» Exercise directions: Would you please repeat exactly the entries below, starting at the line with "党总支部理论学习中心组开展2" and ending at the line with "绝情蛙,鲜艳的出品。蛙肉放置", and nothing outside that range? Leave out the pictures.

» Dataset records:
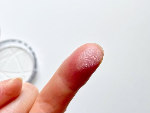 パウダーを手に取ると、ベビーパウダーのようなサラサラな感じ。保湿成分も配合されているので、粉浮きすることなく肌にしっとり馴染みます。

==

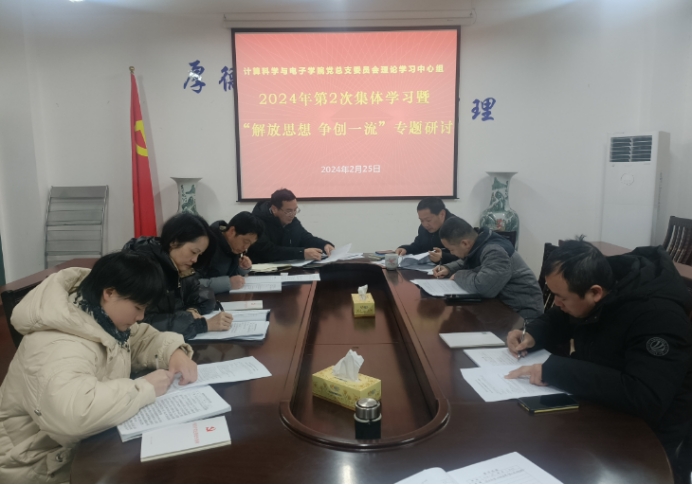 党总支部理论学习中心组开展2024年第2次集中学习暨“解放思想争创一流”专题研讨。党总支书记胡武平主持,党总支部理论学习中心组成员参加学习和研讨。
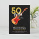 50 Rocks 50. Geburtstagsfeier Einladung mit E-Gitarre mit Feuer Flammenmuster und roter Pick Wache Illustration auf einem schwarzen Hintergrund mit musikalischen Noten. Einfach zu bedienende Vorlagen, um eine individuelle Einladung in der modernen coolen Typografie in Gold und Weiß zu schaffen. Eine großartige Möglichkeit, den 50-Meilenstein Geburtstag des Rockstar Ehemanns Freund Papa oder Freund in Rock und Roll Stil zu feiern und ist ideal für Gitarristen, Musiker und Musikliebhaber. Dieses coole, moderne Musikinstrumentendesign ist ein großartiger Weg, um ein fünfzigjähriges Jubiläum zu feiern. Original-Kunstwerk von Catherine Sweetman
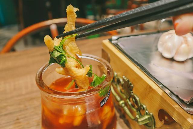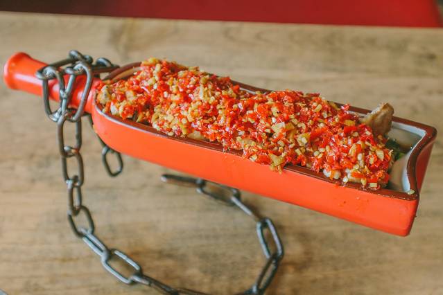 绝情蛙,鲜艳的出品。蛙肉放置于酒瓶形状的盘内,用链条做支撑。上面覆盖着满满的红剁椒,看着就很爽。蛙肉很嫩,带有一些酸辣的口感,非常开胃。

...

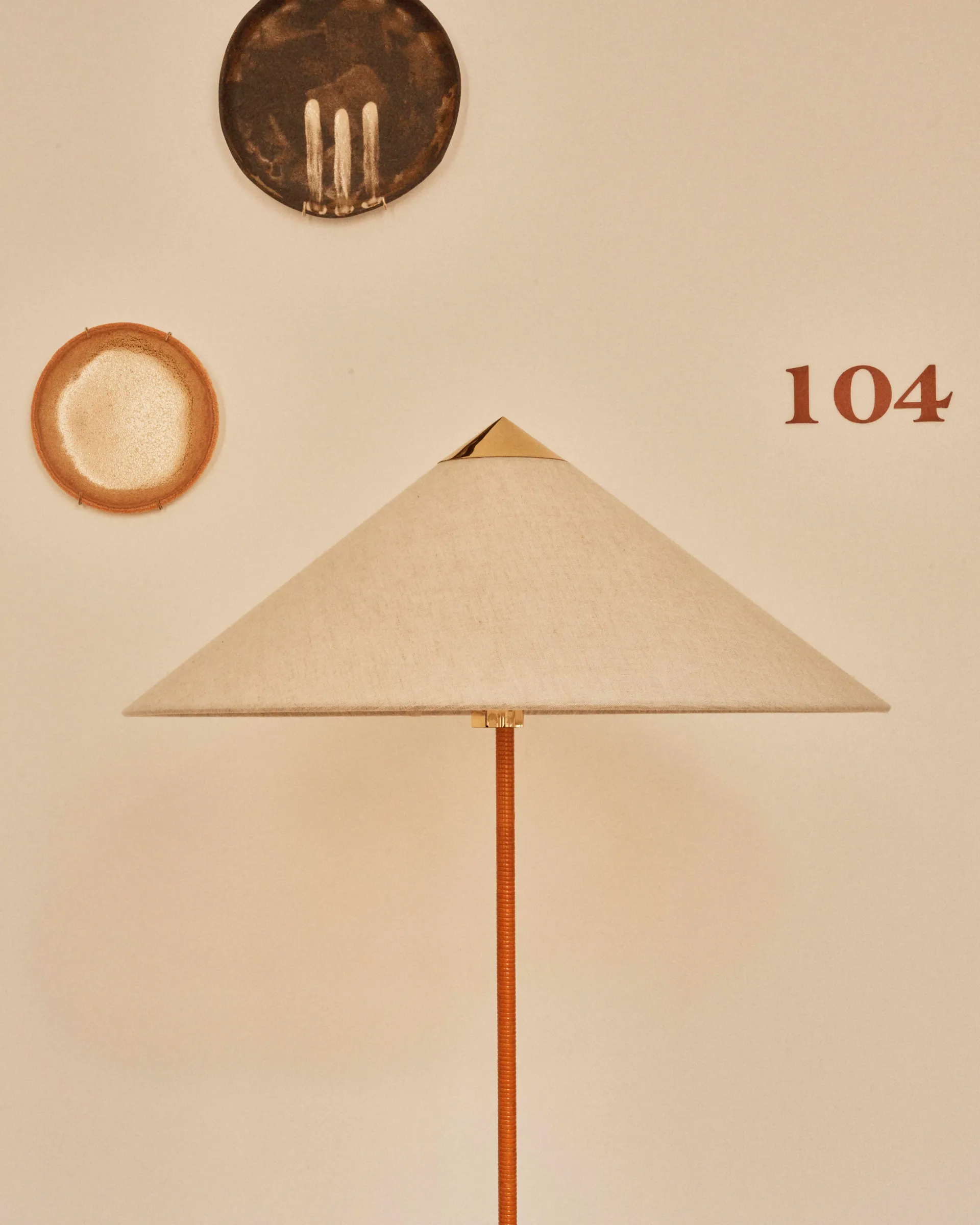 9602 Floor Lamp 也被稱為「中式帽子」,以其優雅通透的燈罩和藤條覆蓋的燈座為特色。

» Exercise solution:
 党总支部理论学习中心组开展2024年第2次集中学习暨“解放思想争创一流”专题研讨。党总支书记胡武平主持,党总支部理论学习中心组成员参加学习和研讨。
 50 Rocks 50. Geburtstagsfeier Einladung mit E-Gitarre mit Feuer Flammenmuster und roter Pick Wache Illustration auf einem schwarzen Hintergrund mit musikalischen Noten. Einfach zu bedienende Vorlagen, um eine individuelle Einladung in der modernen coolen Typografie in Gold und Weiß zu schaffen. Eine großartige Möglichkeit, den 50-Meilenstein Geburtstag des Rockstar Ehemanns Freund Papa oder Freund in Rock und Roll Stil zu feiern und ist ideal für Gitarristen, Musiker und Musikliebhaber. Dieses coole, moderne Musikinstrumentendesign ist ein großartiger Weg, um ein fünfzigjähriges Jubiläum zu feiern. Original-Kunstwerk von Catherine Sweetman
 绝情蛙,鲜艳的出品。蛙肉放置于酒瓶形状的盘内,用链条做支撑。上面覆盖着满满的红剁椒,看着就很爽。蛙肉很嫩,带有一些酸辣的口感,非常开胃。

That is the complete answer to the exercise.